Authored by Michael Barone via The Epoch Times (emphasis ours),

The headlines coming out of the Super Tuesday primaries have got it right. Barring cataclysmic changes, Donald Trump and Joe Biden will be the Republican and Democratic nominees for president in 2024.

(Left) President Joe Biden delivers remarks on canceling student debt at Culver City Julian Dixon Library in Culver City, Calif., on Feb. 21, 2024. (Right) Republican presidential candidate and former U.S. President Donald Trump stands on stage during a campaign event at Big League Dreams Las Vegas in Las Vegas, Nev., on Jan. 27, 2024. (Mario Tama/Getty Images; David Becker/Getty Images)

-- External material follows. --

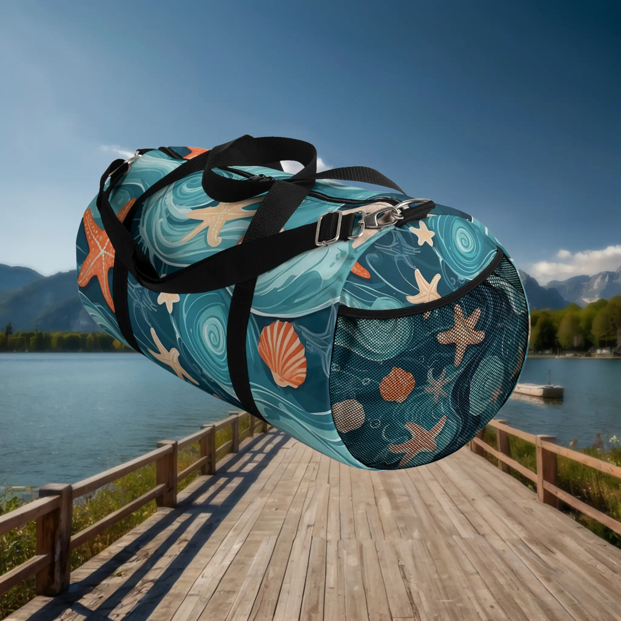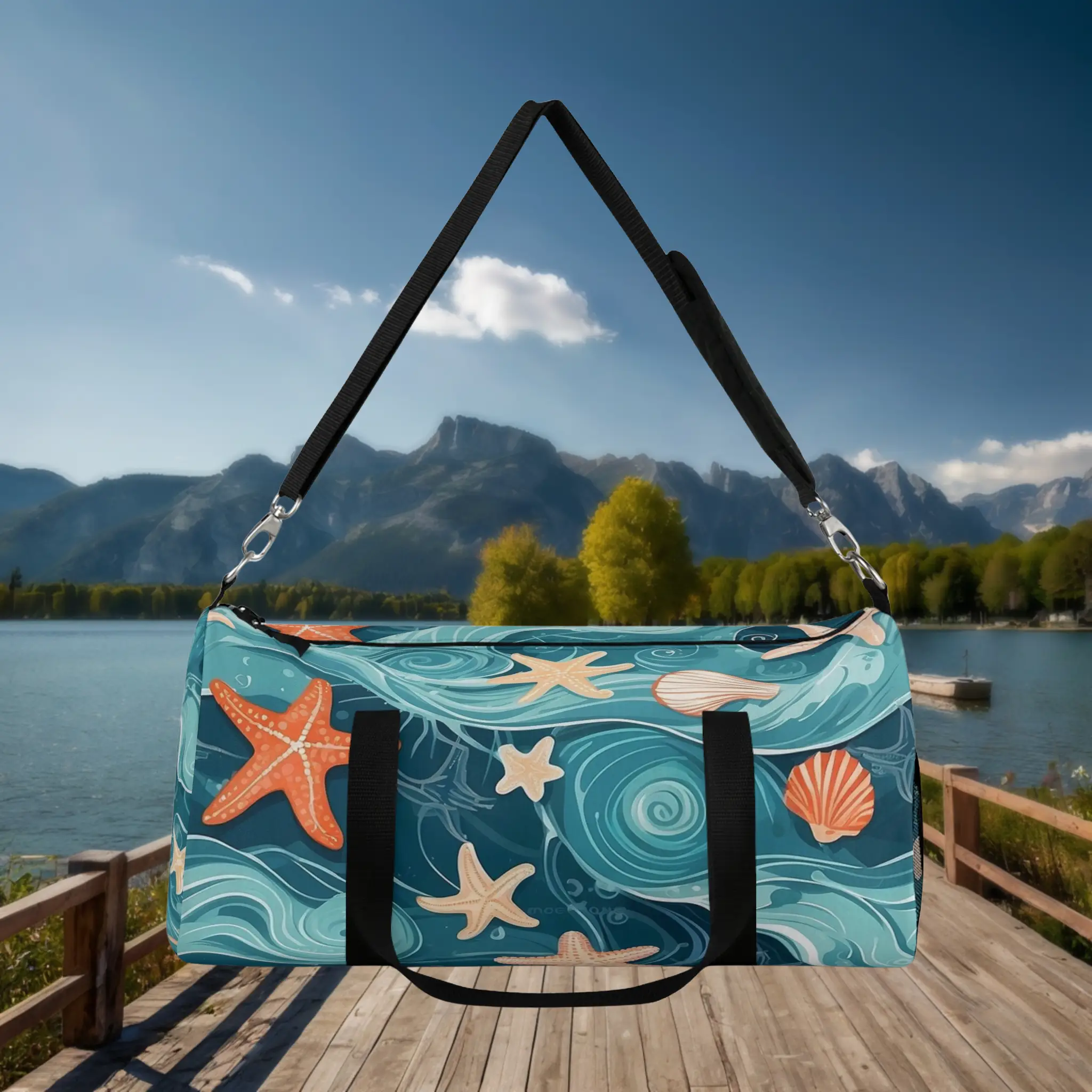 Bring the calming beauty of the ocean into your daily life with the Wave Pattern Duffel Bag from Exyashop. Featuring a stunning design of swirling waves, starfish, and seashells in soft blues and warm corals, this bag is perfect for those who love nature-inspired styles. Ideal for the gym, travel, or daily errands, this duffel combines a serene aesthetic with ample storage space and practical features.

With Nikki Haley’s withdrawal, there will be no more significantly contested primaries or caucuses—the earliest both parties’ races have been over since something like the current primary-dominated system was put in place in 1972.

The primary results have spotlighted some of both nominees’ weaknesses.

Donald Trump lost high-income, high-educated constituencies, including the entire metro area—aka the Swamp. Many but by no means all Haley votes there were cast by Biden Democrats. Mr. Trump can’t afford to lose too many of the others in target states like Pennsylvania and Michigan.

Majorities and large minorities of voters in overwhelmingly Latino counties in Texas’s Rio Grande Valley and some in Houston voted against Joe Biden, and even more against Senate nominee Rep. Colin Allred (D-Texas).

Returns from Hispanic precincts in New Hampshire and Massachusetts show the same thing. Mr. Biden can’t afford to lose too many Latino votes in target states like Arizona and Georgia.

When Mr. Trump rode down that escalator in 2015, commentators assumed he’d repel Latinos. Instead, Latino voters nationally, and especially the closest eyewitnesses of Biden’s open-border policy, have been trending heavily Republican.

High-income liberal Democrats may sport lawn signs proclaiming, “In this house, we believe ... no human is illegal.” The logical consequence of that belief is an open border. But modest-income folks in border counties know that flows of illegal immigrants result in disorder, disease, and crime.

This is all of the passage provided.